_EXCERPTED DATA_.
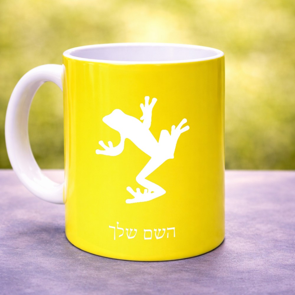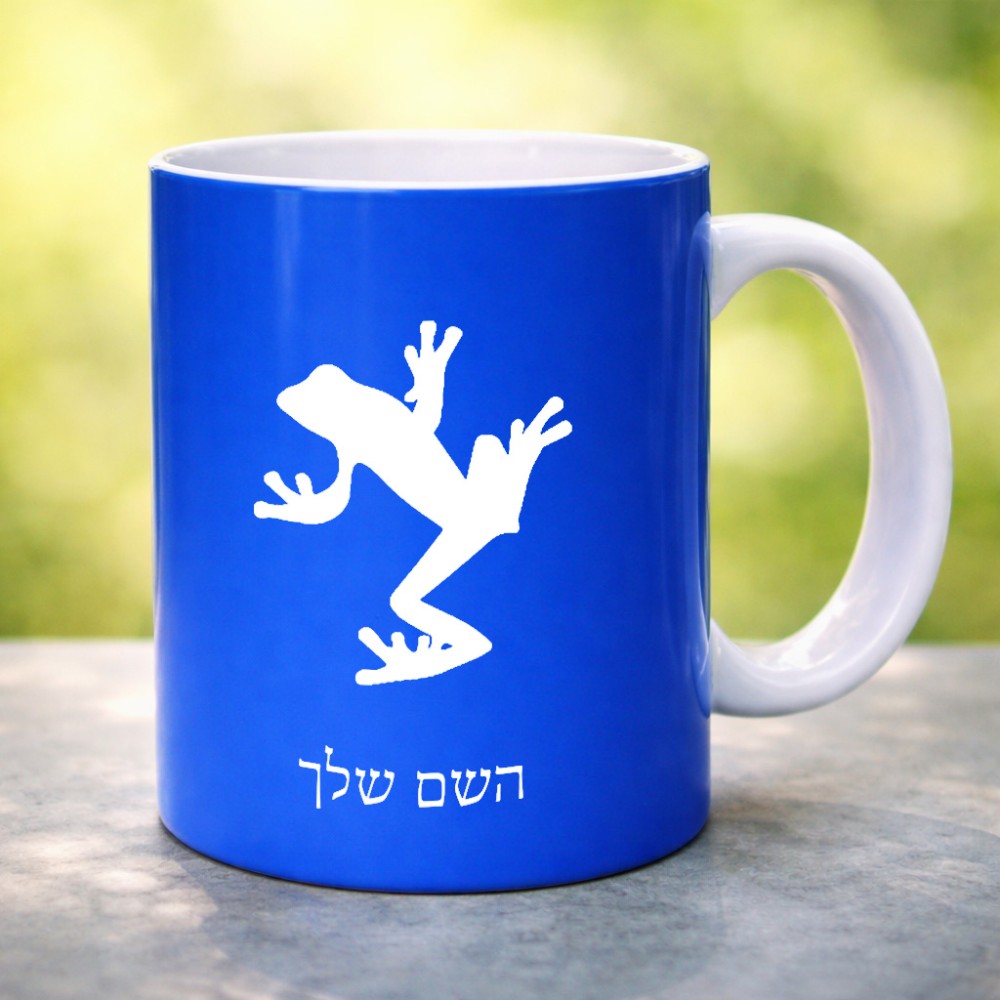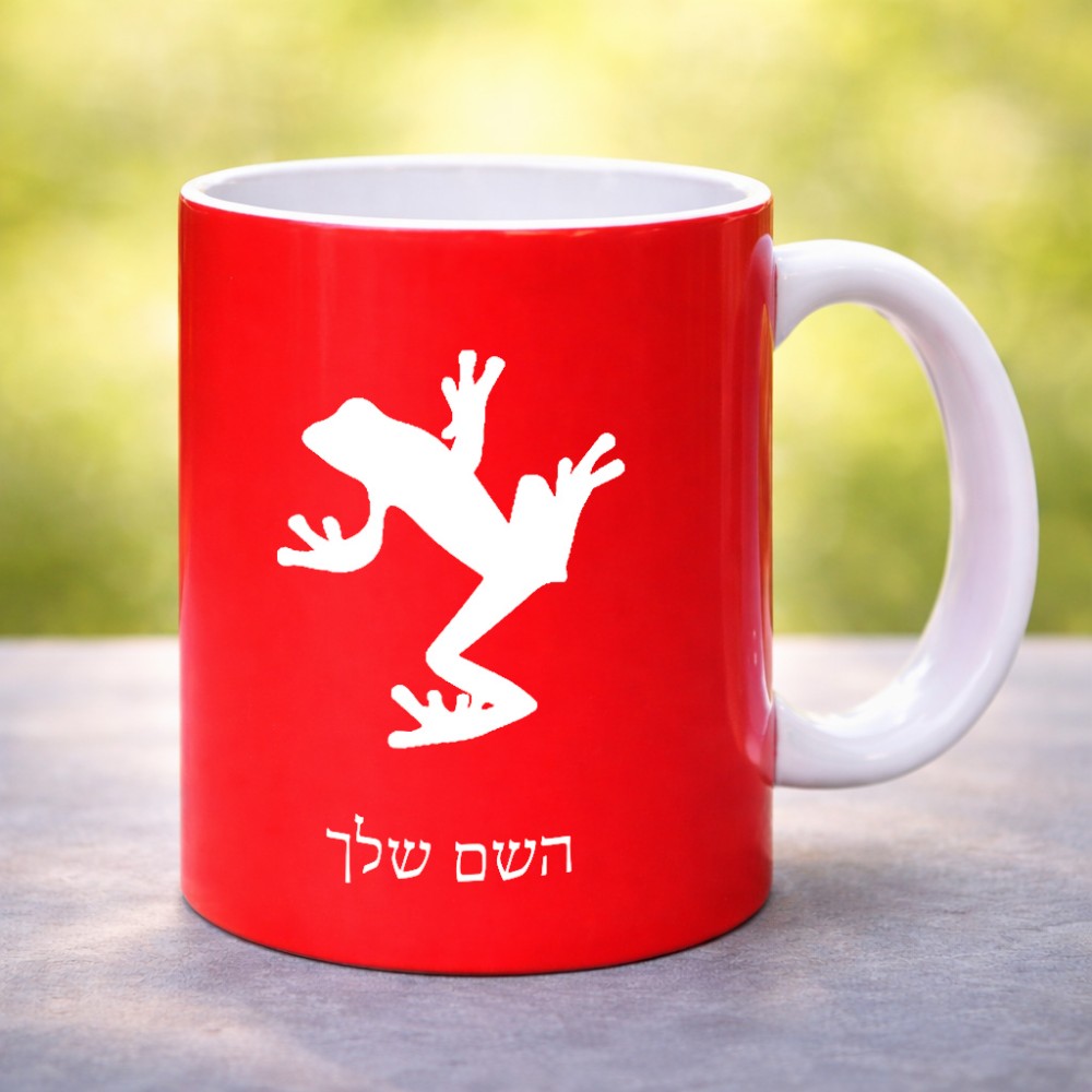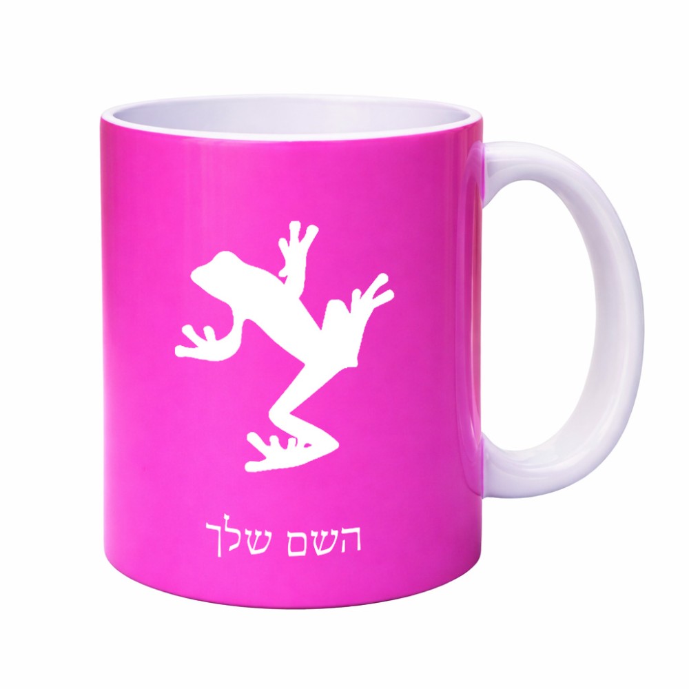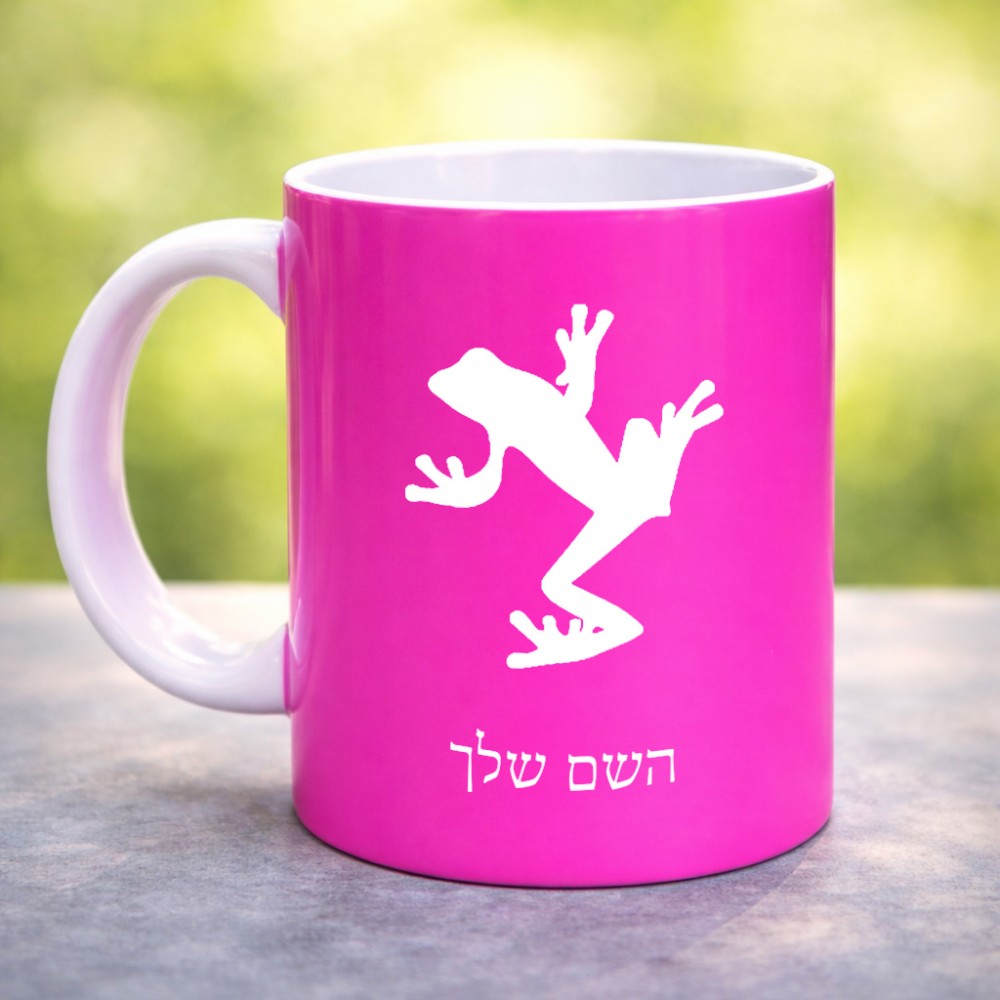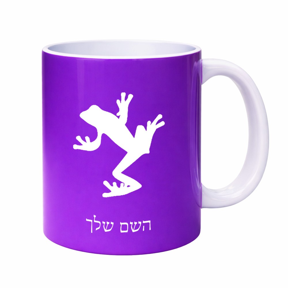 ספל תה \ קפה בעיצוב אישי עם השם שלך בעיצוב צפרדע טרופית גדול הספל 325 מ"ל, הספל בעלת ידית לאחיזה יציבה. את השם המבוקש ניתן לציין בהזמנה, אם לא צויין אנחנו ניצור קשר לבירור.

...

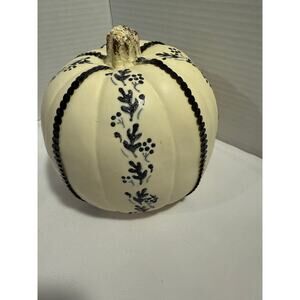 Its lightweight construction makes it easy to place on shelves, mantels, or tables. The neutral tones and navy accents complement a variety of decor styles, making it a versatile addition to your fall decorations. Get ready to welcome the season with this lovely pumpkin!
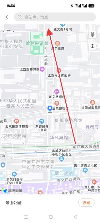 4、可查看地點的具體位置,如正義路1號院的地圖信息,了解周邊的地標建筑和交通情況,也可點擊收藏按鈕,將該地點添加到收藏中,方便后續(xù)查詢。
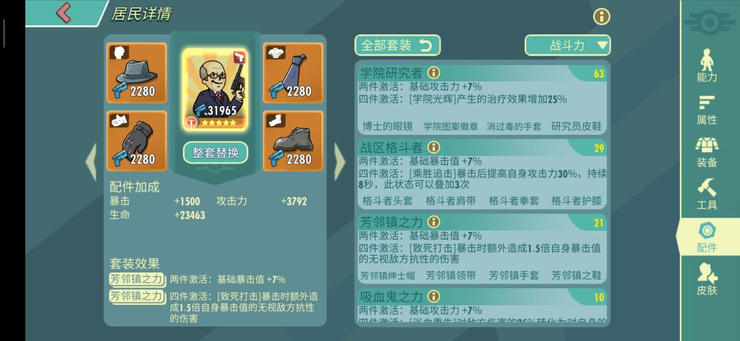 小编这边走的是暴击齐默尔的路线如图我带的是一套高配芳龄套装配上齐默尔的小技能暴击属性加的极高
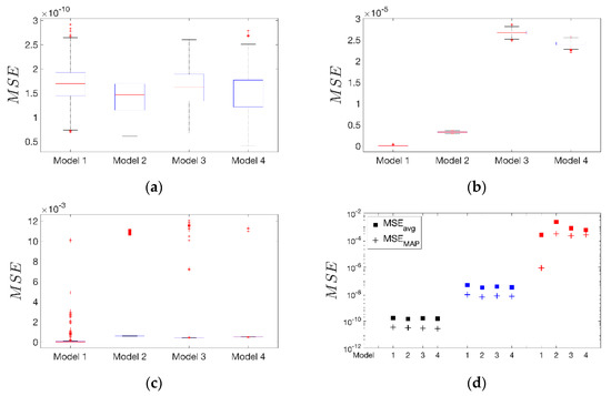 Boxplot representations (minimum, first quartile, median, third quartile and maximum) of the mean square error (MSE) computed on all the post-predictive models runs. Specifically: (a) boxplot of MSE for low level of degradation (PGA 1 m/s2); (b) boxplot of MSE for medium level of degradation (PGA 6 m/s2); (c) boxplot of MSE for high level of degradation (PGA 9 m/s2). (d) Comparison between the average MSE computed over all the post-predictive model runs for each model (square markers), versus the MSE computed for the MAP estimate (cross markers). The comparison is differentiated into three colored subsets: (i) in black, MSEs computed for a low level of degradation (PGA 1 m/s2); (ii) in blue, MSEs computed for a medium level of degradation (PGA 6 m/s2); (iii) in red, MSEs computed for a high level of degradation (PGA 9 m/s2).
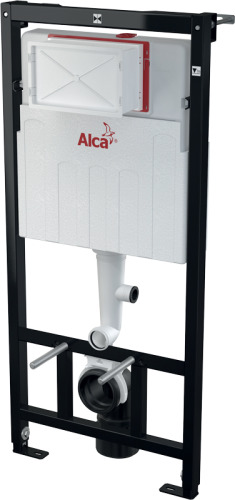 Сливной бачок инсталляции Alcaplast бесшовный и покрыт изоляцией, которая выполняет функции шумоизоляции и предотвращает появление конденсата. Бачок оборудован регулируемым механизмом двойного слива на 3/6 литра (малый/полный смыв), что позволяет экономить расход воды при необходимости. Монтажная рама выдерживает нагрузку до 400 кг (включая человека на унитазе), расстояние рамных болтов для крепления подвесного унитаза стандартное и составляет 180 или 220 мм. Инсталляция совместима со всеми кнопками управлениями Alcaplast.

...

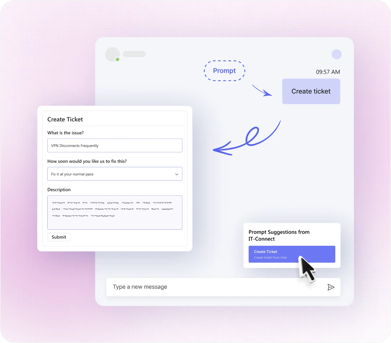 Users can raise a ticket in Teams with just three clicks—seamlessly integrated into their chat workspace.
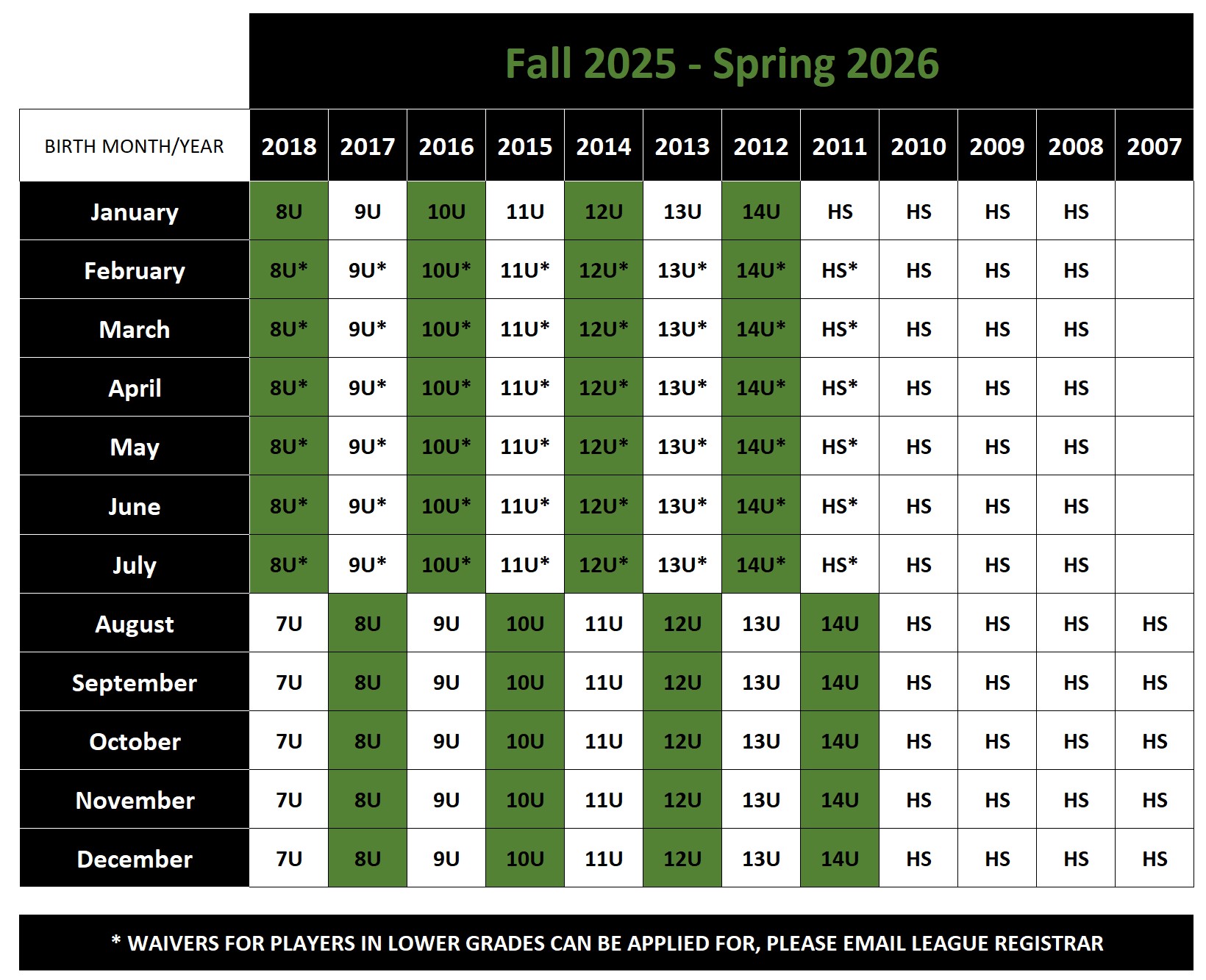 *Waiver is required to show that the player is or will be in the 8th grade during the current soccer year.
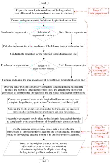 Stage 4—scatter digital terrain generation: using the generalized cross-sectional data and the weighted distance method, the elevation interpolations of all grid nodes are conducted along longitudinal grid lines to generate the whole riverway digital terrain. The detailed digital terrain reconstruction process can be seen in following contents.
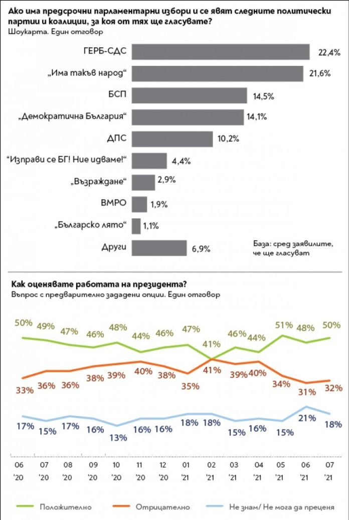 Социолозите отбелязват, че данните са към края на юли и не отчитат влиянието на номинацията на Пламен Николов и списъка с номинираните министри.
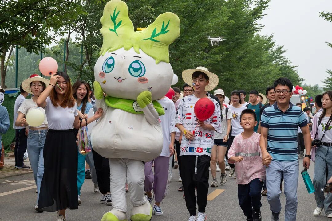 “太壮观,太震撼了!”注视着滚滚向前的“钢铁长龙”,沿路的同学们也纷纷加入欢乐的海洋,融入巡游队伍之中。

_EXERCISE_.
In the listing above, find the line with "Users can raise" and the line with "current soccer year.". Set down exactly those lines and everything between them, skipping pictures.

_ANSWER BOX_.
 Users can raise a ticket in Teams with just three clicks—seamlessly integrated into their chat workspace.
 *Waiver is required to show that the player is or will be in the 8th grade during the current soccer year.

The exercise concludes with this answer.